INSTRUCTIONS FOR THE TASK:
Exactly as written, output the lines below starting from the first and ending with the line that contains "Candela media Yankee"; omit pictures.

SOURCE DATA:
_ _ _ _ _
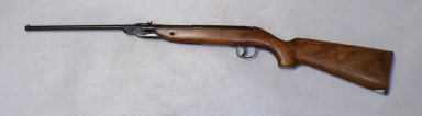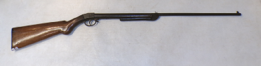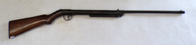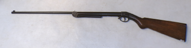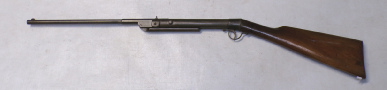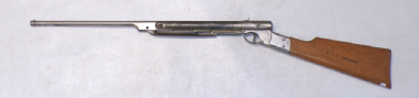 VERY LOW POWERED NEEDS A NEW SPRING. METALWORK BLACK TO BROWN GRAINY, NON ORIGINAL REAR SIGHT, STOCK HEAVILY VARNISHED OVER SURFACE MARKS BUT OTHERWISE COMPLETE. LITTLE BIT LOOSE AT THE BARREL JOINT. NOT A MODEL OF AIR RIFLE THAT WE HAVE EVER HAD A LOT OF. MODEL NAME CLEARLY ON TOP OF THE CYLINDER.
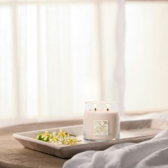 Candela media Yankee Candle Slow Blooms, è una fragranza legnosa.Stai passeggiando in un giardino tranquillo, dove la luce soffusa e la pioggia delicata fanno sbocciare i fiori. Note leggere di sandalo, gelsomino e salice accompagnano momenti di assoluto relax.La candela a giara media a due stoppini e un mix di altissima qualità di cera di soia il quale fornisce una stupenda fragranza a lunga durata e una meravigliosa atmosfera.
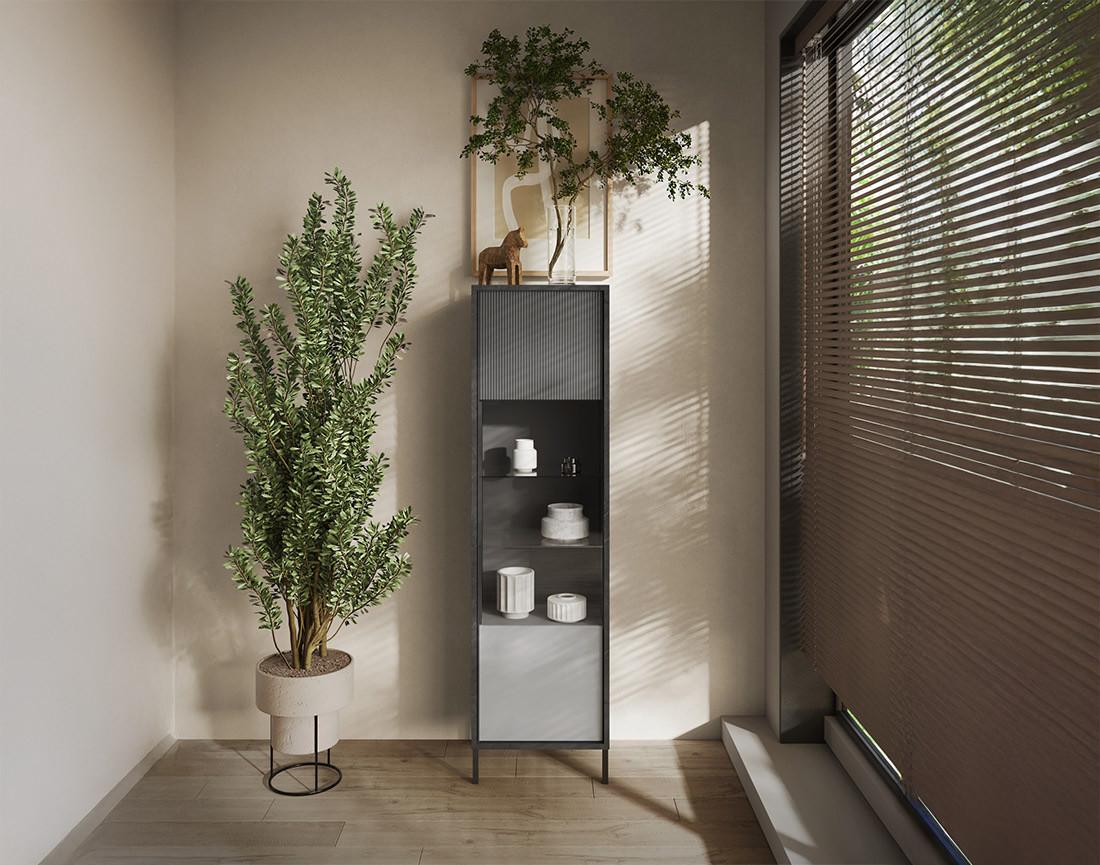 La vitrine Jules, avec ses dimensions de 55x203 cm, est idéale pour exposer et ranger vos objets précieux. Dotée d'une porte vitrée, elle met en valeur votre vaisselle, vos livres ou vos pièces décoratives tout en les protégeant. Son design contemporain, aux lignes épurées, s'intègre parfaitement dans une décoration moderne ou altique. Disponible en deux coloris raffinés, elle s'adapte à vos préférences pour sublimer votre intérieur.
_ _ _ _ _
TASK ANSWER:
 VERY LOW POWERED NEEDS A NEW SPRING. METALWORK BLACK TO BROWN GRAINY, NON ORIGINAL REAR SIGHT, STOCK HEAVILY VARNISHED OVER SURFACE MARKS BUT OTHERWISE COMPLETE. LITTLE BIT LOOSE AT THE BARREL JOINT. NOT A MODEL OF AIR RIFLE THAT WE HAVE EVER HAD A LOT OF. MODEL NAME CLEARLY ON TOP OF THE CYLINDER.
 Candela media Yankee Candle Slow Blooms, è una fragranza legnosa.Stai passeggiando in un giardino tranquillo, dove la luce soffusa e la pioggia delicata fanno sbocciare i fiori. Note leggere di sandalo, gelsomino e salice accompagnano momenti di assoluto relax.La candela a giara media a due stoppini e un mix di altissima qualità di cera di soia il quale fornisce una stupenda fragranza a lunga durata e una meravigliosa atmosfera.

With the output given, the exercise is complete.